Posted: Sat Aug 03, 2019 2:50 pm
by burger uk
Hi all not posted for a while.. hope alls well with all , had a lovely day down the new forest today and managed to add another sled to the stable.. the gp800 , was amazed how compact it was! And not to heavy compared to other maxis I have had either .. collect later in week hopefully .

Re: Yo!

Posted: Sun Aug 04, 2019 9:32 am
by Normsthename
Nice!
I will be interested in how you find it compared to a Burgman :)

Andy

Re: Yo!

Posted: Sun Aug 04, 2019 10:51 am
by riders in the storm
Had to Google this....

839cc Ducati engine in a Scooter, wow....!

:shock:

Re: Yo!

Posted: Sun Aug 04, 2019 11:52 am
by MrGrumpy
riders in the storm wrote: Sun Aug 04, 2019 10:51 am Had to Google this....

839cc Ducati engine in a Scooter, wow....!

:shock:
A Ducati engine??? I think that's one of those internet 'facts' rather than a real one. !! For one thing there isn't any commercial link between Ducati and the Piaggio Group, AFAIK.

Re: Yo!

Posted: Sun Aug 04, 2019 12:52 pm
by riders in the storm
Oh........!!

But there must be something good about it surely...? With such a massive engine......??

:-?

Re: Yo!

Posted: Sun Aug 04, 2019 1:07 pm
by StevenM
riders in the storm wrote: Sun Aug 04, 2019 12:52 pm Oh........!!

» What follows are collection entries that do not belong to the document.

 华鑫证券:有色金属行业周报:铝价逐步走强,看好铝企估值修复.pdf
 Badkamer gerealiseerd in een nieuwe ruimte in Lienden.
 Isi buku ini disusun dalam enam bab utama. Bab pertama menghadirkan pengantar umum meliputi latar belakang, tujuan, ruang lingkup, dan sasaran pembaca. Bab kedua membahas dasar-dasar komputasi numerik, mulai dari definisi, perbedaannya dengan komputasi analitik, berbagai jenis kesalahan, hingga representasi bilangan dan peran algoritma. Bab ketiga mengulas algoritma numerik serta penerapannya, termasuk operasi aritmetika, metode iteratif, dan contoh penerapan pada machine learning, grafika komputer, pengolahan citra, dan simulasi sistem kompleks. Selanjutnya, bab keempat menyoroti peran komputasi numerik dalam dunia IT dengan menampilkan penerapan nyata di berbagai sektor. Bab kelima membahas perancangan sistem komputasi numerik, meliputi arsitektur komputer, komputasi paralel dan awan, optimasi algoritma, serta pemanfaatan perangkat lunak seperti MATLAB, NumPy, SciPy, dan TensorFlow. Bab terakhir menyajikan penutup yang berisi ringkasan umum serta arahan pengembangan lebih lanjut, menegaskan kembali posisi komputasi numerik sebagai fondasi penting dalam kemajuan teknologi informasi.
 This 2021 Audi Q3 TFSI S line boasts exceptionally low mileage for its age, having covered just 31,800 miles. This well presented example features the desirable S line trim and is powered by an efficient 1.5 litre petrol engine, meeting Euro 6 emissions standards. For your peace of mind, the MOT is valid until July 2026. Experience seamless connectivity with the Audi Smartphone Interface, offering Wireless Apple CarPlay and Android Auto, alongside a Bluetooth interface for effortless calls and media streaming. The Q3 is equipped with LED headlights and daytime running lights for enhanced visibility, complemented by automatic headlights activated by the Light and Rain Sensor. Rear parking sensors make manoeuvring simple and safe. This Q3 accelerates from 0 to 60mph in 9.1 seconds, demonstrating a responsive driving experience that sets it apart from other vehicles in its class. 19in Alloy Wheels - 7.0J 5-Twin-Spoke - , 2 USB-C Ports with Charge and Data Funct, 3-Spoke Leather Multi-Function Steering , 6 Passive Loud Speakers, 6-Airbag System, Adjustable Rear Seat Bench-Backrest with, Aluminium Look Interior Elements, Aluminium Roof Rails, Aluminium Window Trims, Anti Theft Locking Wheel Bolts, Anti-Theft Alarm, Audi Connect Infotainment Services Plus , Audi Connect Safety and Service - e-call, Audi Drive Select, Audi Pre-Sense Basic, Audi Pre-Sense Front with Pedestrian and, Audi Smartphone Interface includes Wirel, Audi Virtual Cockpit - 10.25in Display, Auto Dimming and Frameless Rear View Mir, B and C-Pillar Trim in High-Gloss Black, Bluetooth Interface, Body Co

But there must be something good about it surely...? With such a massive engine......??

:-?
I had the aprilia mana with the same engine. Very fast and smooth. I still wonder whether to get another :roll:

Re: Yo!

Posted: Mon Aug 05, 2019 2:29 am
by Data
Is the GP800 a Gilera?

Re: Yo!

Posted: Mon Aug 05, 2019 2:58 am
by capitano
Blimey! I reviewed a GP800 on the old Maxi Muppets forum when the GP was first introduced in early 2008.

8-)

Sorry if this doesn’t fit the criteria for scooter reviews but feel free to move it or whatever if it infringes any standards or offends anyone.

I rode the Nexus along the windswept A27 into Brighton and to CD Scooters to pick up the GP800 for the day. My intention was to ride the GP on routes I ride regularly on the Nexus, and have ridden time and time again on previous bikes, to get a decent comparison.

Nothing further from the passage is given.